What needs to be done: Would you repeat the whole listing exactly, pictures excluded?

Provided data:
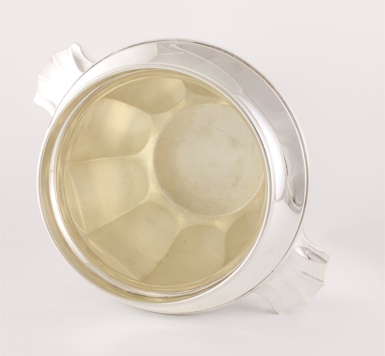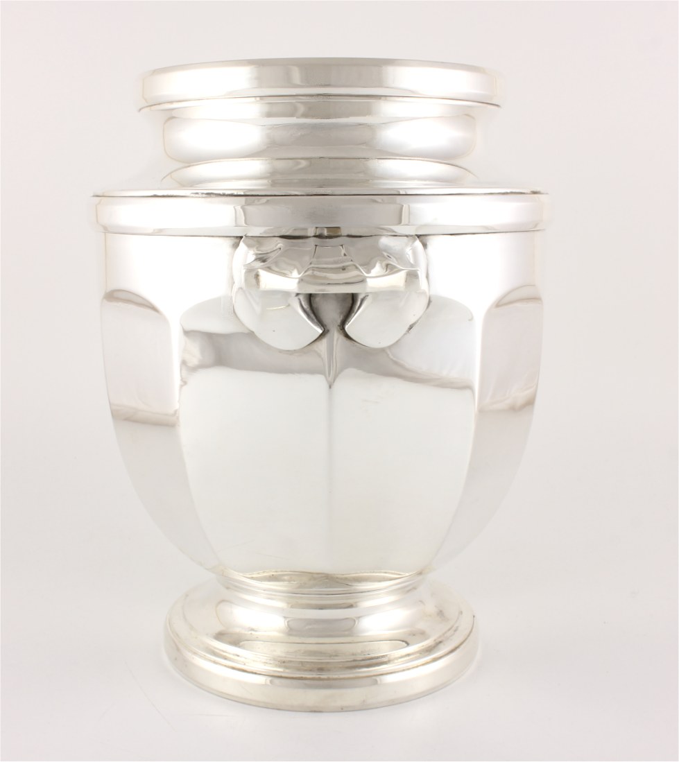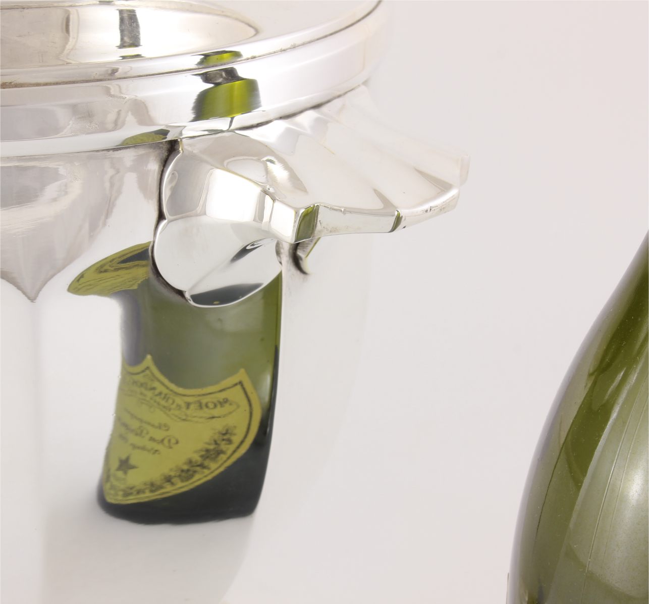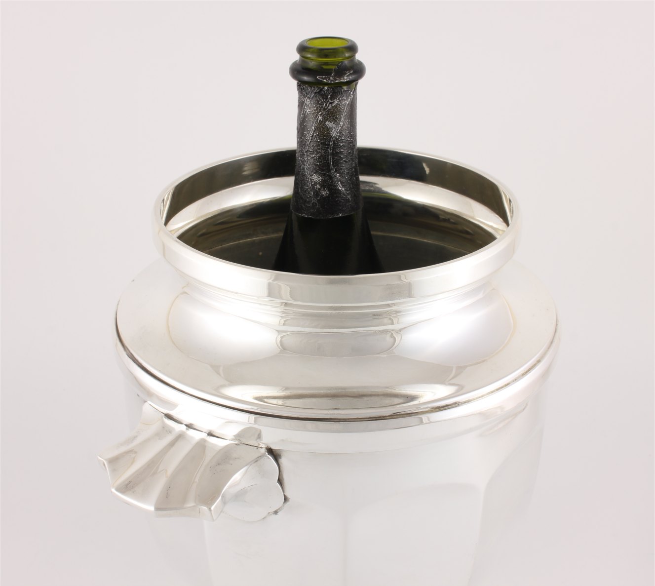 This wonderful antique French Champagne cooler which is made of silver plate has a beautifully shaped body, sits on a raised foot and has two side handles.
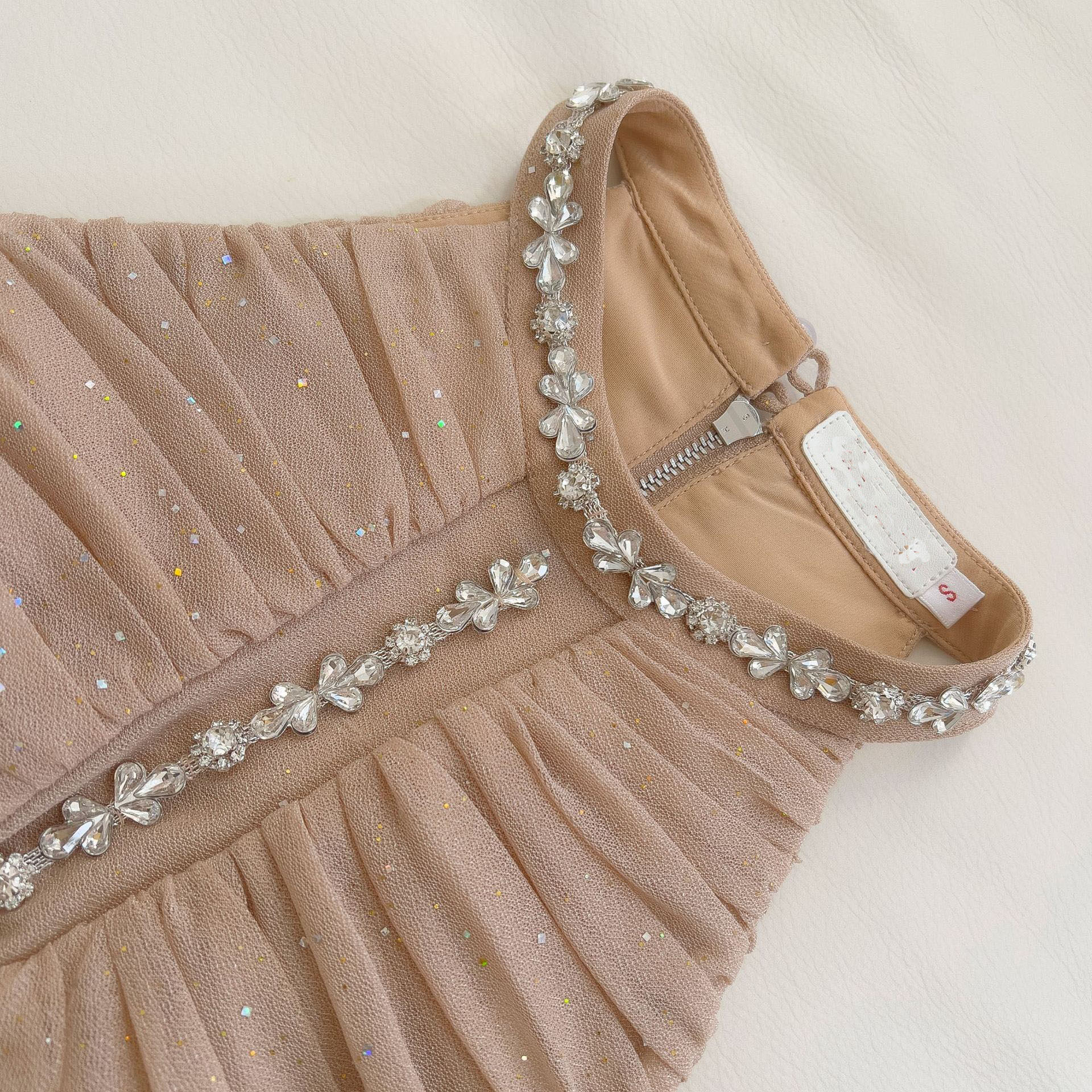 高级感挂脖钉钻连衣裙女短款收腰显瘦名媛宴会气质生日小礼服裙女
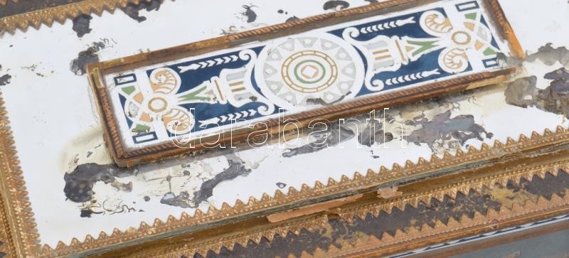 Beschreibung: Tükrös üveg, titkos fiókokat tartalmazó doboz, két olsalán a Munkácsy trilógia Ecce Homo és Golgota c. festménye. Kopott, sérülésekkel. 20,5x11,5 cm

Exercise output:
 This wonderful antique French Champagne cooler which is made of silver plate has a beautifully shaped body, sits on a raised foot and has two side handles.
 高级感挂脖钉钻连衣裙女短款收腰显瘦名媛宴会气质生日小礼服裙女
 Beschreibung: Tükrös üveg, titkos fiókokat tartalmazó doboz, két olsalán a Munkácsy trilógia Ecce Homo és Golgota c. festménye. Kopott, sérülésekkel. 20,5x11,5 cm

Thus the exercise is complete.